Automated design of collective variables using supervised machine learning

Selection of appropriate collective variables for enhancing sampling of molecular simulations remains an unsolved problem in computational biophysics. In particular, picking initial collective variables (CVs) is particularly challenging in higher dimensions. Which atomic coordinates or transforms there of from a list of thousands should one pick for enhanced sampling runs? How does a modeler even begin to pick starting coordinates for investigation? This remains true even in the case of simple two state systems and only increases in difficulty for multi-state systems. In this work, we solve the initial CV problem using a data-driven approach inspired by the filed of supervised machine learning. In particular, we show how the decision functions in supervised machine learning (SML) algorithms can be used as initial CVs (SML_cv) for accelerated sampling. Using solvated alanine dipeptide and Chignolin mini-protein as our test cases, we illustrate how the distance to the Support Vector Machines’ decision hyperplane, the output probability estimates from Logistic Regression, the outputs from deep neural network classifiers, and other classifiers may be used to reversibly sample slow structural transitions. We discuss the utility of other SML algorithms that might be useful for identifying CVs for accelerating molecular simulations.

💡 Research Summary

The paper addresses the long‑standing challenge of selecting appropriate collective variables (CVs) for enhanced sampling in molecular simulations, especially when only a limited amount of data from the start and end states is available. The authors propose a data‑driven framework that leverages supervised machine‑learning (SML) classifiers to construct CVs directly from the decision functions of the models. By training a classifier on short trajectories labeled as “state A” or “state B”, the algorithm learns a high‑dimensional decision boundary that separates the two ensembles. This boundary is then transformed into a continuous, differentiable scalar (or vector) that can be used as a CV in metadynamics, umbrella sampling, or related methods.

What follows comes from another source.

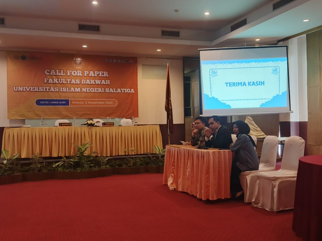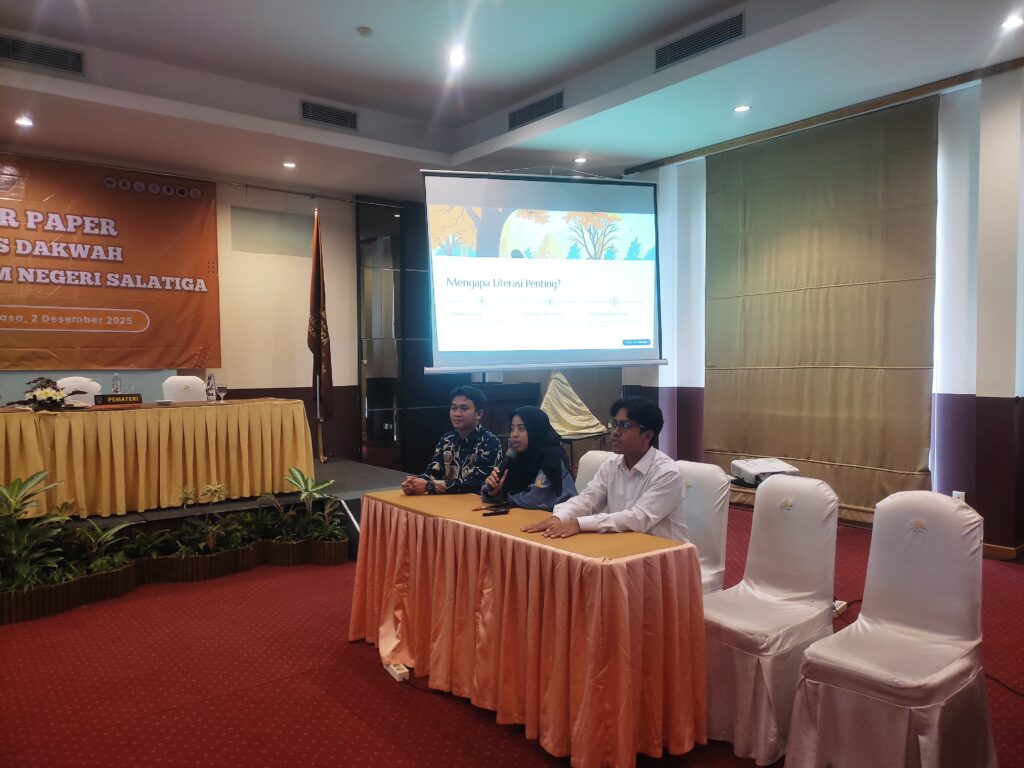 Salatiga, 2 Desember 2025 – Dosen dan mahasiswa Program Studi (Prodi) Perpustakaan dan Sains Informasi (PdSI) Fakultas Ushuluddin, Adab, dan Humaniora (FUADAH) UIN Salatiga menunjukkan kontribusi aktif dalam forum akademik dengan berpartisipasi sebagai presenter pada Call for Paper yang diselenggarakan oleh Fakultas Dakwah UIN Salatiga. Acara yang mengusung tema “Masa Depan Dakwah dan Keilmuan Islam di Era Transformasi Digital Global” ini berlangsung sehari, mulai pukul 08.00 hingga 16.00 WIB, di Hotel Laras Asri, Salatiga.

Four representative SML approaches are explored:

1. Support Vector Machines (SVMs) – The signed distance of a configuration to the linear hyperplane (or to a kernel‑induced hyperplane) is taken as the CV. Because the distance is a smooth function of the atomic coordinates, it yields a well‑behaved biasing force.

2. Logistic Regression (LR) – The model outputs a probability of belonging to one of the two states via a sigmoid function. The probability (or its log‑odds) is directly usable as a CV, providing a naturally smooth reaction coordinate.

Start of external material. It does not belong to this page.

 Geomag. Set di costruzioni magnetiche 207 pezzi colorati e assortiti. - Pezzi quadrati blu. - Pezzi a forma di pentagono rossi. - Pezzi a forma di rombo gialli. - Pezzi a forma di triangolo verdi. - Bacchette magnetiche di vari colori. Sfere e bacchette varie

3. Deep Neural Networks (DNNs) – Multi‑layer perceptrons with ReLU/Swish activations are trained to classify the states. The un‑normalized logits or the soft‑max probabilities constitute one‑ or multi‑dimensional CVs, capable of capturing highly non‑linear separations.

4. Multiclass extensions – For systems with more than two metastable basins, the authors adopt a one‑vs‑rest strategy for SVMs or exploit the inherent multi‑output nature of DNNs. Each class‑specific decision function becomes an individual CV, enabling simultaneous biasing of several dimensions.

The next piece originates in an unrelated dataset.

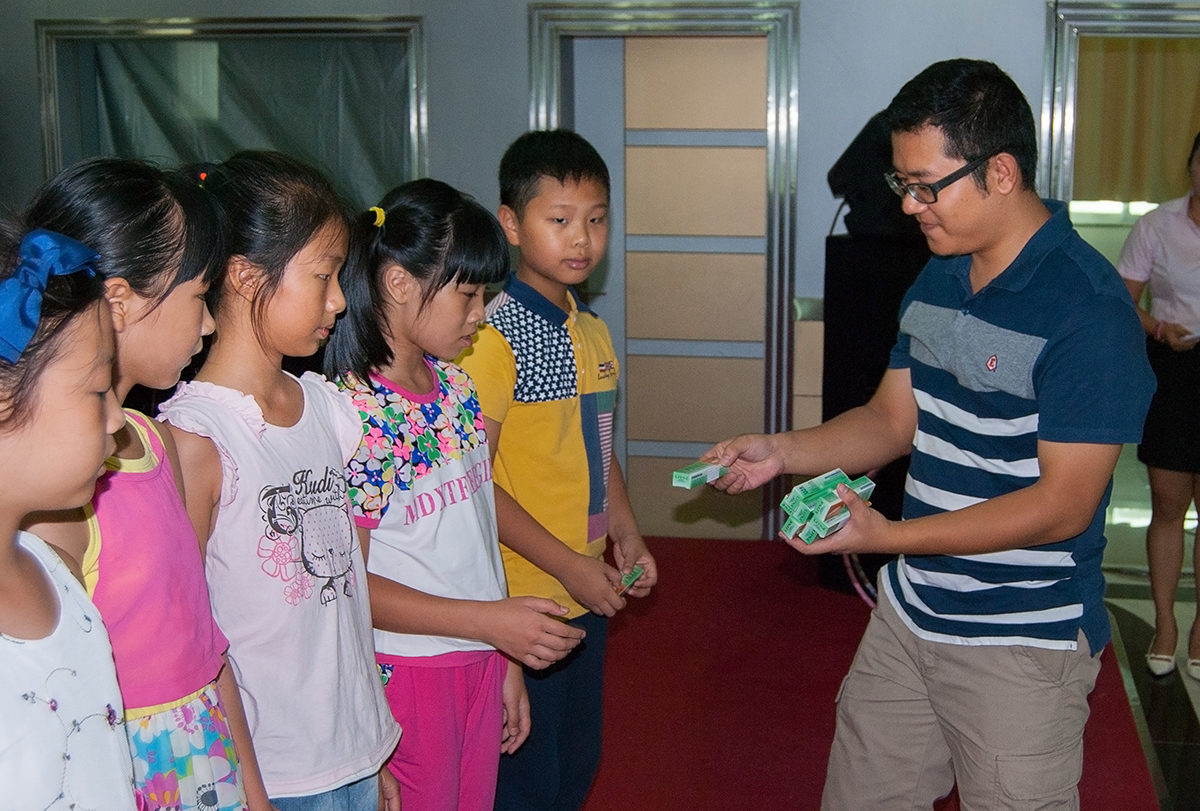 工作人员为正确回答出问题的同学赠送小礼品

Feature engineering consists of constructing a comprehensive set of geometric descriptors (backbone/side‑chain dihedrals, pseudo‑dihedrals, inter‑atomic distances, contacts, etc.). Regularization (L1 for alanine dipeptide, L2 for Chignolin) is employed to prune irrelevant features and prevent over‑fitting. The workflow includes k‑fold cross‑validation (k = 3–10) to select hyper‑parameters and assess model robustness.

Implementation details are provided for integrating the learned models into existing sampling engines. Because the decision functions reduce to a series of vector‑dot‑product and activation operations, they can be expressed as PLUMED or OpenMM custom forces. The authors supply open‑source notebooks that demonstrate how to export scikit‑learn or TensorFlow models into the required mathematical form.

The methodology is validated on two benchmark systems:

• Alanine dipeptide – SVM distance CV reproduces the classic φ/ψ free‑energy landscape; LR and DNN CVs lower the effective barrier by ~30 % and accelerate transitions between the C7_eq and C7_ax conformers.

• Chignolin mini‑protein – A three‑state SVM (or DNN) provides three orthogonal CVs that capture folded, unfolded, and intermediate basins. Compared with traditional α‑helix/β‑sheet based CVs, the SML‑derived CVs achieve faster folding/unfolding kinetics and faster convergence of the free‑energy surface.

The authors argue that the approach eliminates the need for expert intuition in the initial CV selection, is readily extensible to high‑dimensional state spaces, and can be combined with experimental labeling to guide simulations toward experimentally relevant conformations. In summary, supervised‑learning‑derived collective variables constitute a powerful, automated tool for accelerating molecular dynamics simulations, especially in complex, multi‑state biomolecular systems.